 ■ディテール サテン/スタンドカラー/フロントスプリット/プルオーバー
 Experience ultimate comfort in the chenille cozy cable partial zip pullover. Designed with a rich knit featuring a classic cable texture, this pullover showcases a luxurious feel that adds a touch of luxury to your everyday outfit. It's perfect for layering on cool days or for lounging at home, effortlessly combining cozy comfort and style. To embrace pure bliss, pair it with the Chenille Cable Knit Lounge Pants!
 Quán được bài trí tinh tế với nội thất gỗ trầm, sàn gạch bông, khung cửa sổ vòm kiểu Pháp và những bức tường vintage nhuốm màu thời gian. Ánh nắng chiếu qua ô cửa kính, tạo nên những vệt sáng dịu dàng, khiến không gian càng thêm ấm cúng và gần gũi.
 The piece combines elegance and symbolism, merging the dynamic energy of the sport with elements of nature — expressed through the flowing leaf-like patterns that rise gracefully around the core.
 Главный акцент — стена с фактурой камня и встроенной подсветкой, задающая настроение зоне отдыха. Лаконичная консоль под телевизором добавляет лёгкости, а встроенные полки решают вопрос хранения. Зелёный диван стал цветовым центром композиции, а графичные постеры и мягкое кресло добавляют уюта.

---

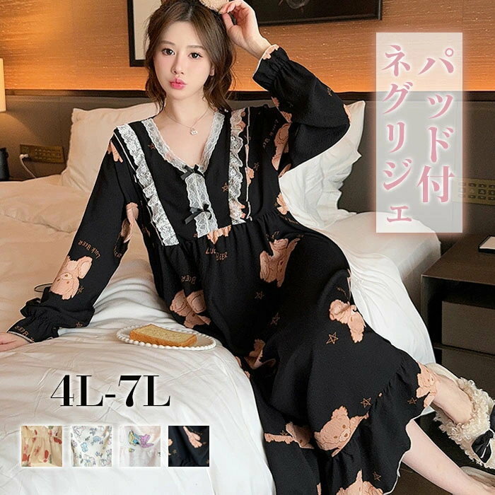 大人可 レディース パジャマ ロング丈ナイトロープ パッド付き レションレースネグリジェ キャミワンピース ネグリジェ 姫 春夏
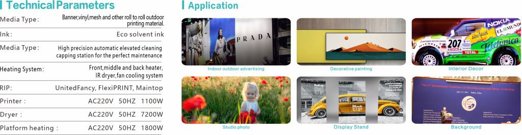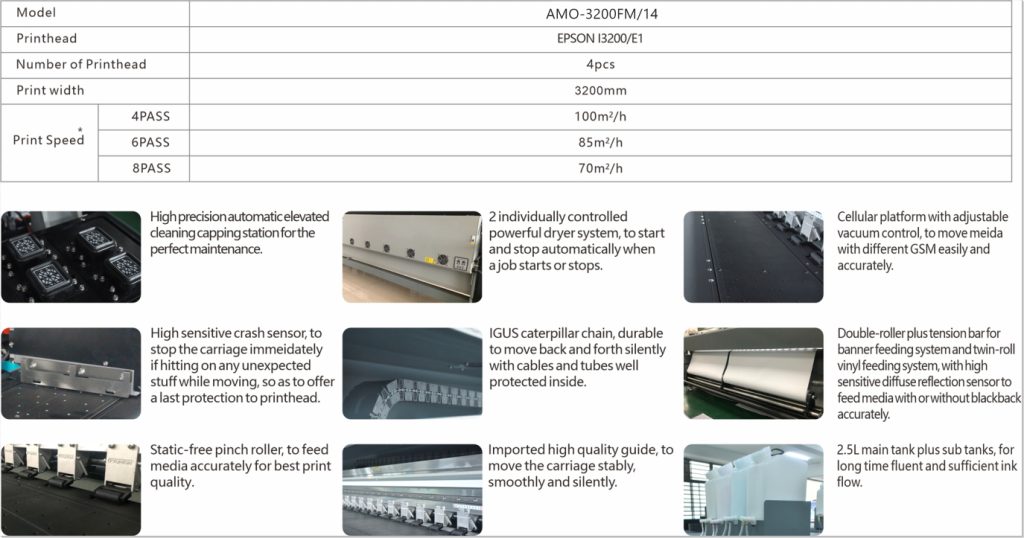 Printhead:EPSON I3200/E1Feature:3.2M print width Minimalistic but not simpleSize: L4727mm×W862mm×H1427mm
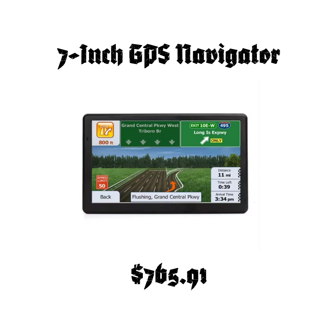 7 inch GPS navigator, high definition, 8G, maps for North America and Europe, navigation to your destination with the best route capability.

* * *

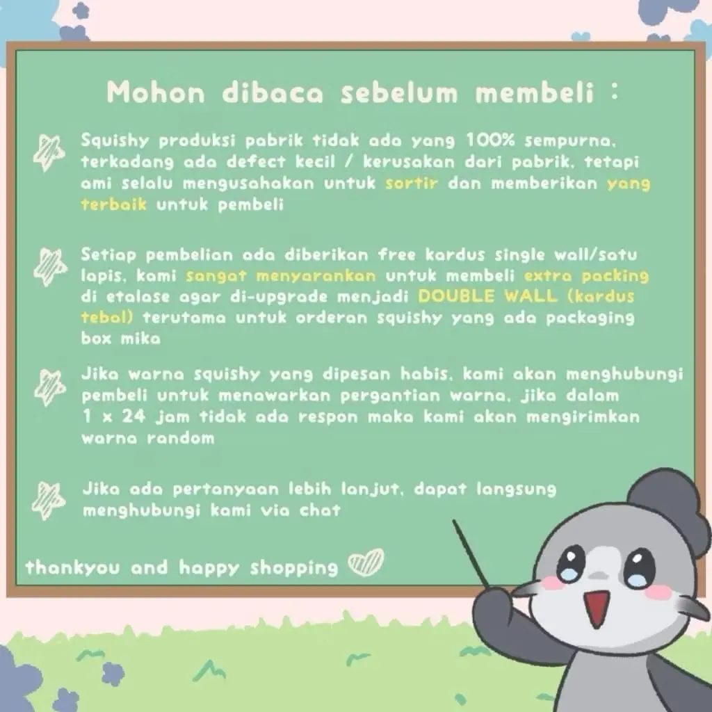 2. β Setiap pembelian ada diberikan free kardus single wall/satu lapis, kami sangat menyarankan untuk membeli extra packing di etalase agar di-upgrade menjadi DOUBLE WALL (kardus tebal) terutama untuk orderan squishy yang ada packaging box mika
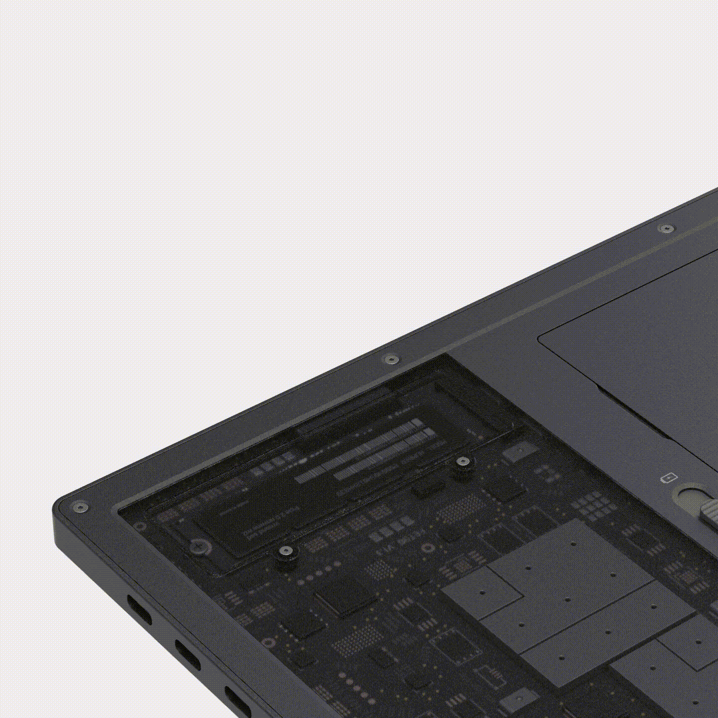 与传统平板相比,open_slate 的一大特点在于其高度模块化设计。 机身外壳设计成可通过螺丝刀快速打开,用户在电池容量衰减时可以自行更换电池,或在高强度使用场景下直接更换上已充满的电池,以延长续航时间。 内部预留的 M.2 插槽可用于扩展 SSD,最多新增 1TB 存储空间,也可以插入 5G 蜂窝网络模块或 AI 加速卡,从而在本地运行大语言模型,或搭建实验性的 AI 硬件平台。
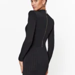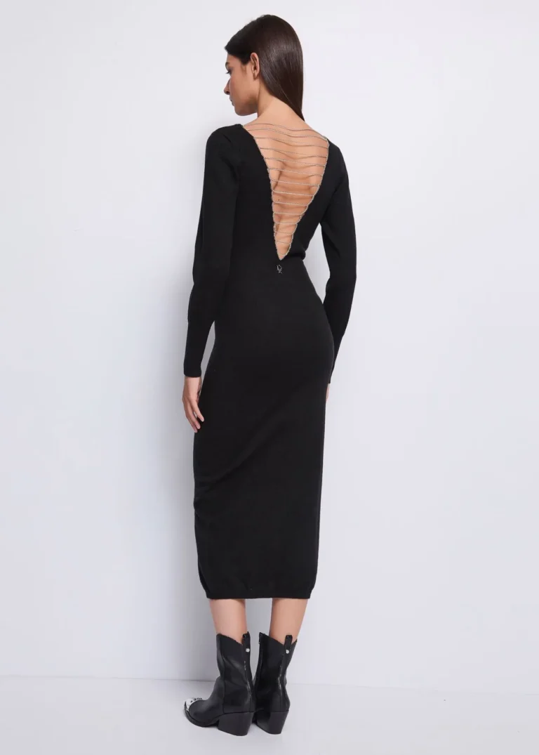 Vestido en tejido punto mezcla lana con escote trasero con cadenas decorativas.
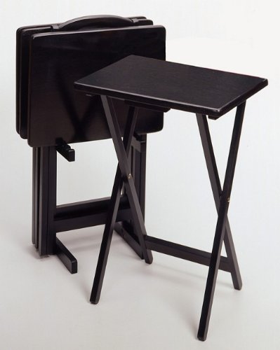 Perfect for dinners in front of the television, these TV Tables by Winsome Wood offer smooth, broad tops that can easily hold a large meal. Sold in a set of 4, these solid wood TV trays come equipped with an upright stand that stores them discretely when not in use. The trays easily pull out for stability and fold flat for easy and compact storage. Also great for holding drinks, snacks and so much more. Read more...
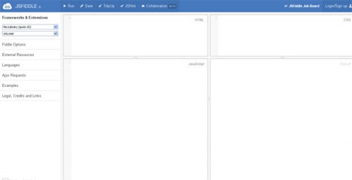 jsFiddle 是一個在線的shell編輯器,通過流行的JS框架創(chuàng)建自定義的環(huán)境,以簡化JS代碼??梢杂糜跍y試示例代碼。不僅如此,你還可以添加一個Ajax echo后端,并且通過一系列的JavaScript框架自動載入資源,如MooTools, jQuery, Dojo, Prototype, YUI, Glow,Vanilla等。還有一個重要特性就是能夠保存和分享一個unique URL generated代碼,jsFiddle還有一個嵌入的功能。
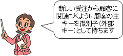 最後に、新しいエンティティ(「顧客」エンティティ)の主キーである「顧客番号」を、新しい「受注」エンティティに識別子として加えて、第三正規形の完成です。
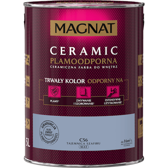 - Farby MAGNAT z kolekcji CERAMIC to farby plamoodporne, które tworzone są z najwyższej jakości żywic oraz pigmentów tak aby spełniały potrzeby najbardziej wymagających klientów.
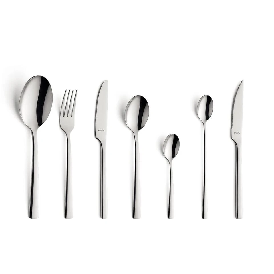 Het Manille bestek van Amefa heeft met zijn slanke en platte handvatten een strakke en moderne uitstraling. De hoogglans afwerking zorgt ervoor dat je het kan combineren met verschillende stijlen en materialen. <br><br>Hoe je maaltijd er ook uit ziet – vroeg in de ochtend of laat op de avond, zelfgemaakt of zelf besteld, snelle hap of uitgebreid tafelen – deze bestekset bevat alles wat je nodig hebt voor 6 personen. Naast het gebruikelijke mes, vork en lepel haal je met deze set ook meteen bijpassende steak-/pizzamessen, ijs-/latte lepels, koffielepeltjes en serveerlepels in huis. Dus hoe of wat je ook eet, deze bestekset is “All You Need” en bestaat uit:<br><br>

» **Activity**
Repeat, word for word, the lines above between the line holding "Experience ultimate comfort" and the line holding "Главный акцент —", inclusive; omit everything else.

» **Task answer**
 Experience ultimate comfort in the chenille cozy cable partial zip pullover. Designed with a rich knit featuring a classic cable texture, this pullover showcases a luxurious feel that adds a touch of luxury to your everyday outfit. It's perfect for layering on cool days or for lounging at home, effortlessly combining cozy comfort and style. To embrace pure bliss, pair it with the Chenille Cable Knit Lounge Pants!
 Quán được bài trí tinh tế với nội thất gỗ trầm, sàn gạch bông, khung cửa sổ vòm kiểu Pháp và những bức tường vintage nhuốm màu thời gian. Ánh nắng chiếu qua ô cửa kính, tạo nên những vệt sáng dịu dàng, khiến không gian càng thêm ấm cúng và gần gũi.
 The piece combines elegance and symbolism, merging the dynamic energy of the sport with elements of nature — expressed through the flowing leaf-like patterns that rise gracefully around the core.
 Главный акцент — стена с фактурой камня и встроенной подсветкой, задающая настроение зоне отдыха. Лаконичная консоль под телевизором добавляет лёгкости, а встроенные полки решают вопрос хранения. Зелёный диван стал цветовым центром композиции, а графичные постеры и мягкое кресло добавляют уюта.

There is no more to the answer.